Em 2003, no entanto, a área de Boston tinha outro esboço em minha memória e imaginação, um mais imediato que o da juventude de meus pais: a cidade foi, por um tempo, a casa do meu eu adolescente e um lugar não menos irreal. por tudo isso. Quando eu era criança, minha família morava na Austrália e no Canadá e, finalmente, quando eu tinha 13 anos, em 1980, voltamos para os Estados Unidos. Como meus pais achavam que precisavam se mudar antes que minha irmã e eu terminássemos o ensino médio, por causa do trabalho de meu pai, sugeriram que fôssemos a um colégio interno; e enquanto minha irmã se dirigia para o interior de New Hampshire, escolhi uma escola nos subúrbios ao sul de Boston.
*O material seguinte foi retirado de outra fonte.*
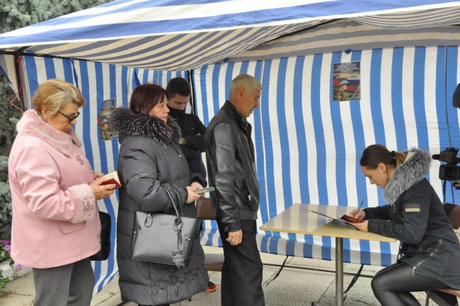 Уже в первый час работы рыбничане активно подходили к волонтёрам, чтобы оставить свой голос за сохранение действующего формата миротворческой операции и присутствия российских войск в Приднестровье.
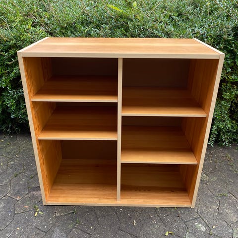 Fyrretræsreol fra 1970’erne med 2 rum og fingertappet
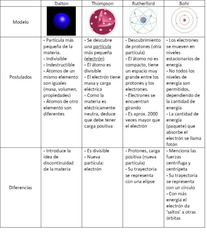 Esquema de los modelos atómicos
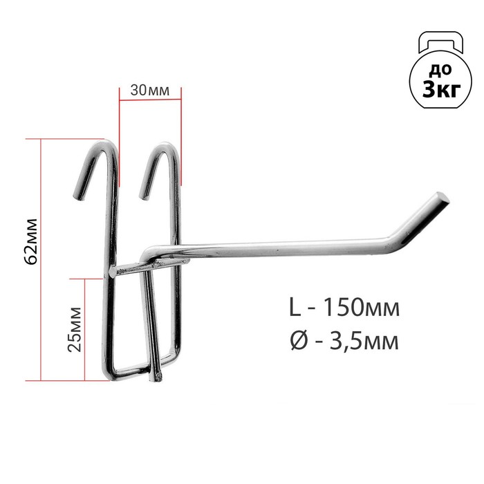 Крючок на сетку одинарный, d=3,5 мм, L=15 см, цвет хром
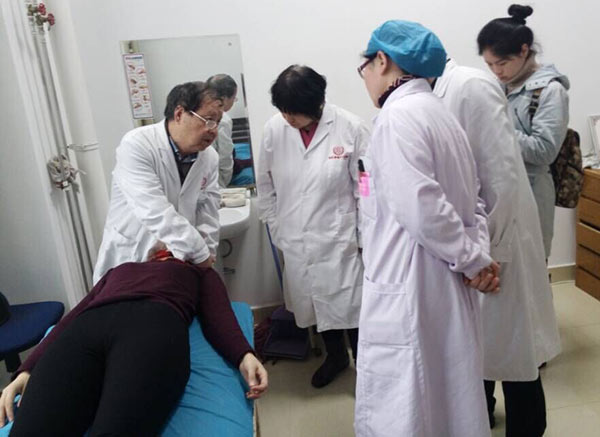 会诊过程中,来长荣接诊到一位耳石症患者,干脆亲身示范,向现场医师讲解如何通过体位耳石复位手法治疗耳石症,将治疗步骤传授给在场医师和患者本人。患者如获至宝、感激非常,表示这一趟候诊实在来的太值了。
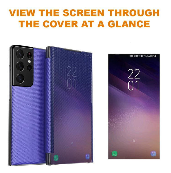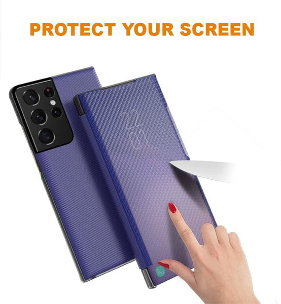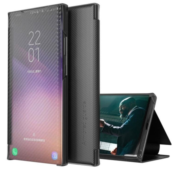 Semi Transparent Carbon Texture Flip Front Cover for Samsung Galaxy S10 Plus
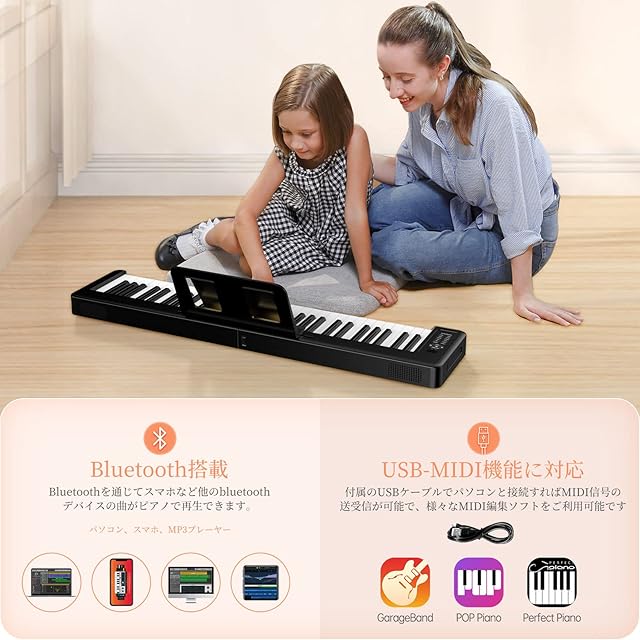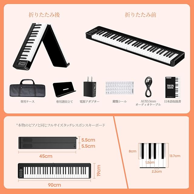 「家庭用にポータブル電子ピアノ」X61電子ピアノは折りたたみかつ軽量なデザインを採用しており、幅は半分を削減して省スペースと携帯性が両立実現でき、ご自宅内での移動、屋外での演奏や社団での練習などどんな場合でも気軽にご使用できます
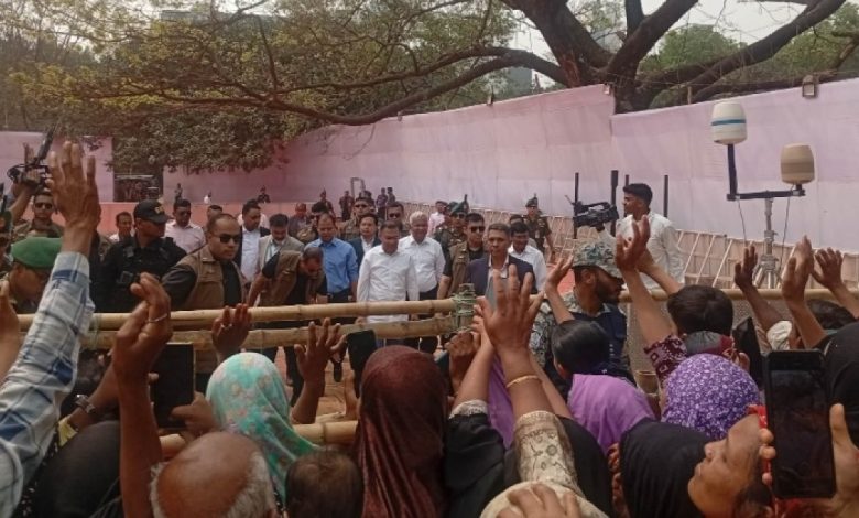 মঞ্চে উঠার আগে অপেক্ষমাণ নারীদের সঙ্গে দেখা করলেন তারেক রহমান
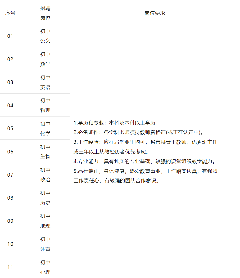初中部招聘计划
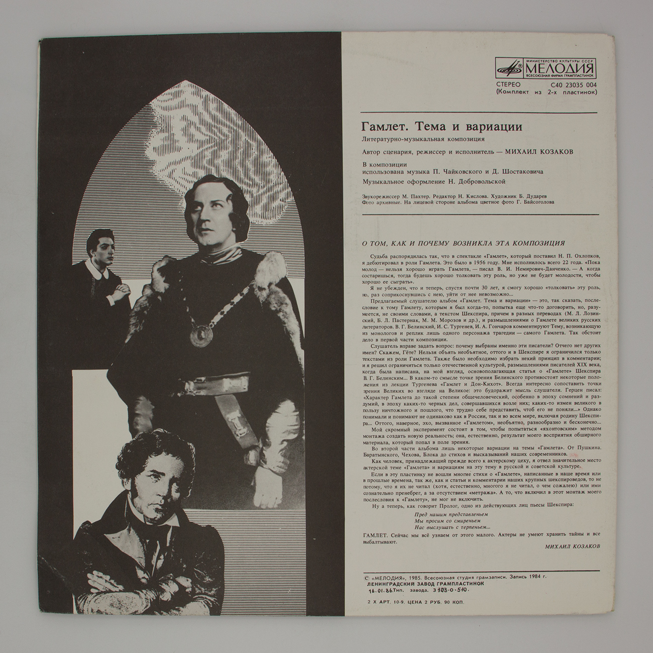 Виниловая пластинка Михаил Козаков - Гамлет. тема и вариации- (LPx2)
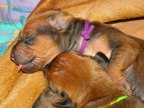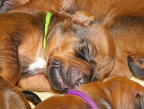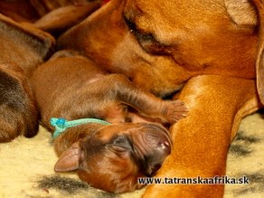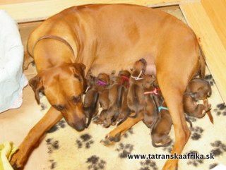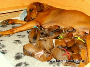 Berry mala v brušku 12 šteniatok, prvý chlapček sa narodil 19:40, posledný druhý deń 8:50 už bol žiaľ mŕtvy, zostalo nám 6 chlapcov a 5 dievčat.
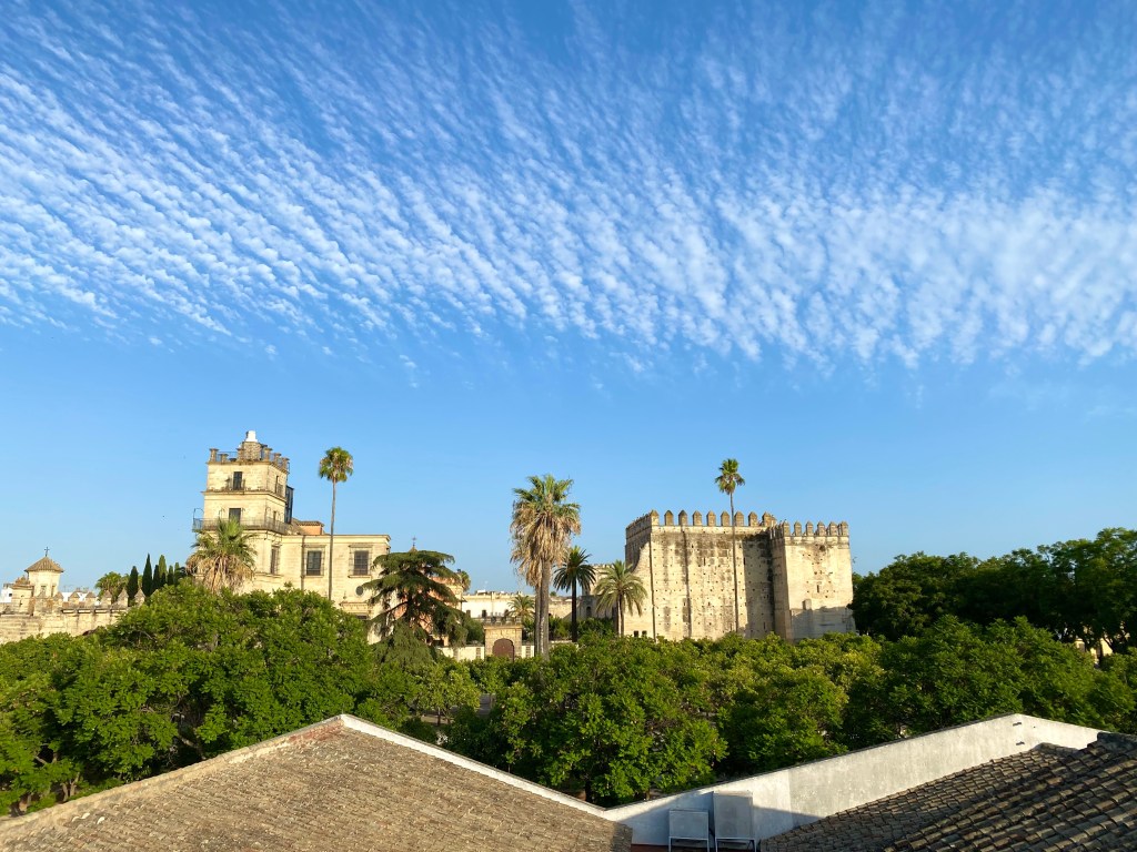 L’origine de l’Alcazar remonte au Xe siècle, lorsque les Omeyyades d’Espagne y construisirent une forteresse musulmane. Après la Reconquête, les rois catholiques firent transformer et agrandir le palais, tout en conservant de nombreux éléments de style mudéjar – ce style architectural propre à l’Espagne chrétienne, influencé par l’art islamique. Le résultat est un ensemble somptueux de salles décorées de stucs ciselés, de faïences colorées, de plafonds en bois sculpté et de patios aux fontaines murmurantes.
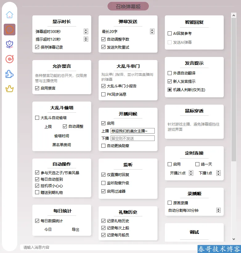 传统的直播辅助工具往往功能单一,弹幕、点歌、答谢、数据统计需要切换多个软件,操作繁琐且容易出错。“神奇弹幕”系统的设计哲学首先是集成化。它将“弹幕姬”、“答谢姬”、“点歌姬”、“回复姬”等核心模块,与多种AI大模型能力、自动化工作流无缝整合进一个统一的管理平台。这意味着主播只需面对一个控制中心,即可调度所有直播互动功能,构建出一个稳定、高效的现代化播出环境。这种集成不仅提升了操作便利性,更通过数据互联,为智能决策提供了基础。
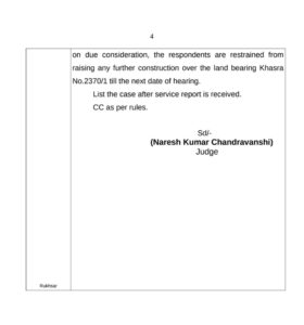 दिनांक 18 मार्च 2026 को छत्तीसगढ़ हाईकोर्ट, बिलासपुर ने रिट याचिका क्रमांक 1167/2026 की सुनवाई करते हुए स्पष्ट निर्देश दिया था कि खसरा नंबर 2370/1 पर अगली सुनवाई तक किसी भी प्रकार का निर्माण कार्य नहीं किया जाएगा। न्यायालय ने यह आदेश भूमि विवाद और प्रस्तुत तथ्यों को ध्यान में रखते हुए दिया था, ताकि यथास्थिति बनी रहे। लेकिन, जमीनी हकीकत इस आदेश के ठीक विपरीत दिखाई दे रही है।
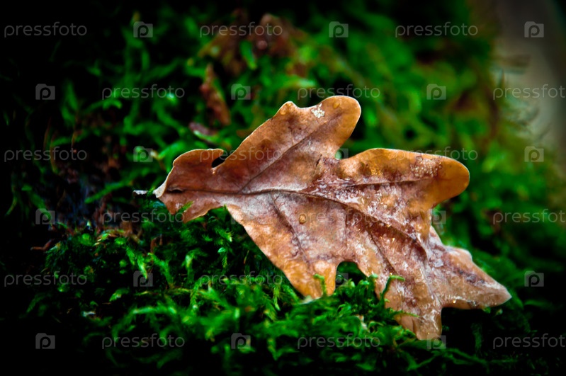 Дубовый лист на зеленой траве
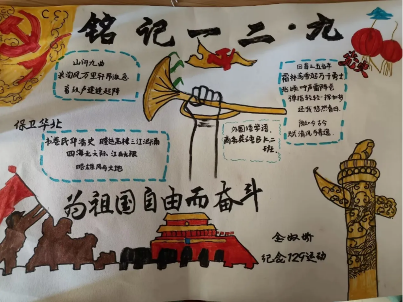 为有效引领同学们将爱国情感转化为实际行动,各班团支书组织同学们在团日活动前进行海报的制作以及活动后心得体会的撰写等,这一系列活动大大激发了同学们传承红色基因、发扬革命传统、践行时代使命的斗志,争做奋进新青年。

Nos três anos que se seguiram, Boston era meu lar fantasioso, a ilusão da idade adulta que estava ligada, mas não fazia parte da minha rotina diária de internatos. Durante a semana, percorremos nosso campus verde e abrigado como se não houvesse outro lugar - e, na verdade, poderíamos estar em qualquer lugar, tão pouco considerávamos o mundo lá fora. A maioria cobria os poucos quarteirões dos dormitórios das garotas até as salas de aula, passávamos pelo cemitério e voltávamos, embora ocasionalmente, à tarde, nos forçássemos a caminhar os poucos quarteirões extras até a esquina onde a sorveteria e a farmácia sentados lado a lado. O objetivo do primeiro era óbvio (foi lá que desenvolvi minha fraqueza ao longo da vida de sorvete de creme doce com xícaras de manteiga de amendoim misturadas); o último era necessário para NoDoz e Dexatrim, que esperávamos que nos mantivesse pulando e compensando o sorvete.

Nos fins de semana, porém, nos bando, nos dirigíamos para a cidade, dando um passeio de lazer até a parada do bonde em qualquer tempo, depois o bonde até o trem e depois o trem para a cidade. Boston, para nós, consistia em grande parte em alguns locais, facilmente acessíveis por transporte público: Newbury Street, Faneuil Hall, Harvard Square e, ocasionalmente, North End. Dito isso, lembro-me de ter percorrido incansavelmente as margens do Charles numa noite gelada de inverno desde Back Bay até o museu de ciências e de volta, num grupo de meia dúzia de pensionistas que escaparam, insuficientemente abafados, nossos narizes inflamados, nossos olhos ardendo, incapaz de falar, não tenho certeza do que estávamos fazendo, mas sabendo que não queríamos voltar para a escola até que precisássemos. Nosso toque de recolher era às 23 horas, e as consequências potenciais do atraso eram piores que as da Cinderela, mas gostávamos de ultrapassar os limites.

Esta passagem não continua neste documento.